Now are you claiming to have graduated from Bob Jones University?
(Taken any courses?)

And since you brought it up. Just what IS your level of education?

Thanks,
Rhema
 

marke

Well-known member
The problem with textual criticism is that none of the manuscripts agree among themselves entirely even though the overwhelming majority of manuscripts agree in the main with the Textus Receptus and the remaining minority of manuscripts were used by Westcott to translate his New Greek that majorly influenced the NU Koine Greek text. The KJV is not a manuscript in the original language and should be expected to have some issues with some critics over what to them may be serious errors.
 

marke

Well-known member
To an uneducated person, everything is an opinion.

But in truth, you don't hold "different views." By definition a "view" must be informed. All I see from your posts is a series of blatant assertions with NO supportive facts whatsoever. Unlike you, I have actually done my homework. Those are the facts that need to be acknowledged. (And at least I can keep track of a conversation.)

I do NOT apologize for my education, nor do I apologize for my wisdom and intelligence to understand and separate FACT from opinion.

But I get it. You feel threatened, just like all the other half-baked KJVO theorists. That's why you, (as with emotionally unstable people) will never read the books for which I provided links, because the facts therin will indeed prove you wrong.
I don't apologize for being persuaded by men like Burgon and Wilson to believe the KJV is the best English translation available today.
 

marke

Well-known member
Beyond absurd.

It would seem that you failed to understand that this was from Ruckman's OWN testimony about himself.

Now are you claiming to have graduated from Bob Jones University?
(Taken any courses?)

And since you brought it up. Just what IS your level of education?

Thanks,
Rhema
My wife and my daughter both graduated from Bob Jones. I turned down a guaranteed appointment to West Point, choosing rather to serve the Lord in a different life's work.
 

JudgeRightly

裁判官が正しく判断する
Staff member
Administrator
Super Moderator
Gold Subscriber
The problem with textual criticism is that none of the manuscripts agree among themselves entirely even though the overwhelming majority of manuscripts agree in the main with the Textus Receptus and the remaining minority of manuscripts were used by Westcott to translate his New Greek that majorly influenced the NU Koine Greek text. The KJV is not a manuscript in the original language and should be expected to have some issues with some critics over what to them may be serious errors.

The problem is that tyou assume that ANY disagreement between texts is a major problem.

Reality is that these "disagreements" you keep pointing to are usually so minor (such as "Christ Jesus" vs "Jesus Christ" or a similar way of saying the same thing) that the meaning of the text doesn't change at all regardless of which text is used.

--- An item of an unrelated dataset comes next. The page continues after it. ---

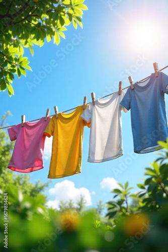 Bright sunshine illuminates a clothesline laden with freshly laundered clothing, gently swaying in the breeze A perfect summer scene of clean laundry drying naturally , bright, white

You're literally making a mountain out of an anthill, marke. These "disagreements" between the texts are, as both Clete and I have pointed out to you MULTIIPLE times in this thread, so minor that they do not affect the overall message of the Bible. The Plot remains unaffected in any meaningful way.

Question, marke:

Are you aware that in the case of Paul's Epistles at lest, Paul expected, commanded, even, his letters to the churches and groups he wrote to to be copied and shared with other believers in the viscinity of where he sent the letters?

You realize that the people who copied those letters in order to share them with their brothers and sisters in Christ were not nearly as strinct with their copying methods as those who were actually dedicated to the task of doing so to preserve them, right?